Une réservation particulière chez Uber
Christian Lair, retraité de 67 ans et Vice-Président de l’ANM’ Chiens Guides, est maître de Moti, chien guide croisé Labrador-Golden retriever, depuis 2018. Au-delà des difficultés d’accès, il témoigne pour nous d’une belle rencontre…
Bonjour, je voudrais vous raconter aujourd’hui une petite histoire qui m’est arrivée récemment.
Ce soir-là, je rentrais de Paris avec mon chien. Il était 21 heures et, après 5 heures 30 de TGV, nous n’avions qu’une idée en tête : rentrer le plus rapidement possible à la maison. Les bus se faisant rares à cette heure tardive, je pris la décision de faire appel à un VTC. Je sortis donc mon téléphone et, à partir de l’application Uber, je commandai ma course.
Immédiatement les coordonnées d’un chauffeur s’affichèrent ; il était annoncé pour une prise en charge dans les quatre minutes. Comme à mon habitude, je fis une copie d’écran et lui adressai un message pour lui préciser ma position exacte et le fait que j’étais accompagné d’un chien guide. Par avance, je le remerciai également de bien vouloir venir à ma rencontre lorsqu’il serait là car je ne le verrais pas arriver. A peine le message fut-il envoyé que la course disparut de l’écran. Manifestement, la présence de mon chien l’avait dissuadé de prendre cette course. Très énervé par cette attitude, je me félicitai cependant d’avoir fait une copie d’écran qui, par la suite, me permettrait de faire une réclamation circonstanciée auprès de la société Uber.

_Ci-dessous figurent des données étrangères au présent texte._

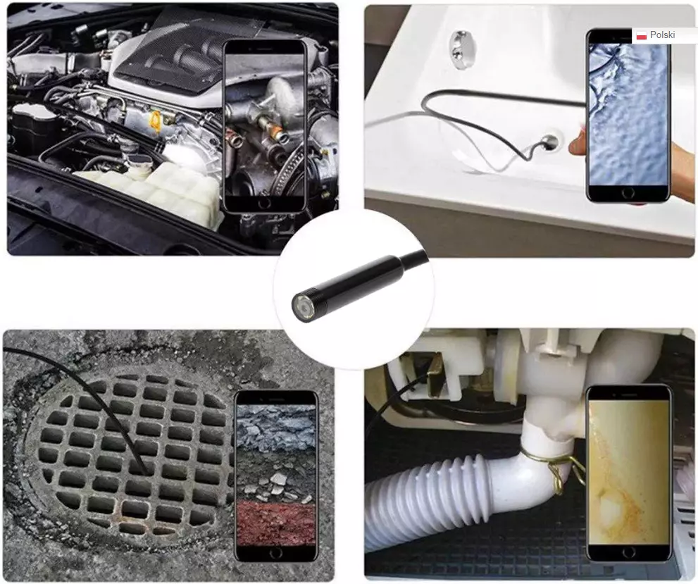 Новая инновационная полностью водонепроницаемая эндоскопическая камера с 8 светодиодами с регулируемой интенсивностью света. Имеет очень гибкий и прочный кабель, наконечник с магнитом, крючок и зеркальце. Камера имеет угол обзора 70 градусов. Теперь съемка и live view в труднодоступных местах больше не будут проблемой.

Dans les secondes qui suivirent, les coordonnées d’un nouveau chauffeur s’affichèrent à l’écran. Je m’empressai d’appliquer la même procédure que précédemment : copie d’écran, message au chauffeur. La prise en charge était annoncée dans les trois minutes et, contre toute attente, je reçus une réponse : « Pas de problème, je suis sourd et muet ». Ce message me laissa bien perplexe : s’agissait-il d’une plaisanterie ? le chauffeur allait-il disparaître comme le précédent ?
Quelques instants plus tard, je fus sorti de mes réflexions par un léger tapotement sur l’épaule droite. Une main glissa jusqu’à mon avant-bras, et je fus conduit devant une voiture. La portière s’ouvrit et, après installation sur la banquette arrière et le chien à mes pieds, je l’entendis se refermer. Le chauffeur s’installa devant et la voiture démarra. Les rues empruntées me confirmèrent que nous étions sur le bon chemin.
J’ai pour habitude de demander l’arrêt deux ou trois cents mètres avant la destination finale : cela permet à Moti de se dégourdir les pattes et de faire ses besoins avant d’arriver à la maison. Une question vint immédiatement à mon esprit : comment allais-je faire comprendre cela au chauffeur ? la voiture contourna le dernier rond-point avant l’entrée de ma rue : il fallait se décider rapidement. A mon tour, je tapotai donc l’épaule droite du chauffeur et, d’un geste confus de la main, je signifiai que je voulais descendre. Ma demande fut immédiatement comprise. La voiture s’arrêta. La portière arrière s’ouvrit et, après avoir récupéré mes affaires et mon chien, je me trouvai face au chauffeur. Pour manifester mon contentement, j’agitai vivement mon poing serré avec un pouce dressé. Sans aucun doute, le chauffeur comprit ma satisfaction et me tapota à nouveau sur l’épaule droite. Moti s’avança vers lui et reçut vraisemblablement une caresse. Le chauffeur remonta dans sa voiture et reprit la route.
Cette petite histoire qui peut paraître bien banale reste gravée dans ma mémoire. Elle me fait réfléchir sur deux mots : l’indifférence et la différence. Je suis convaincu que, si l’on parvient à se débarrasser de l’indifférence, la différence n’est plus un problème.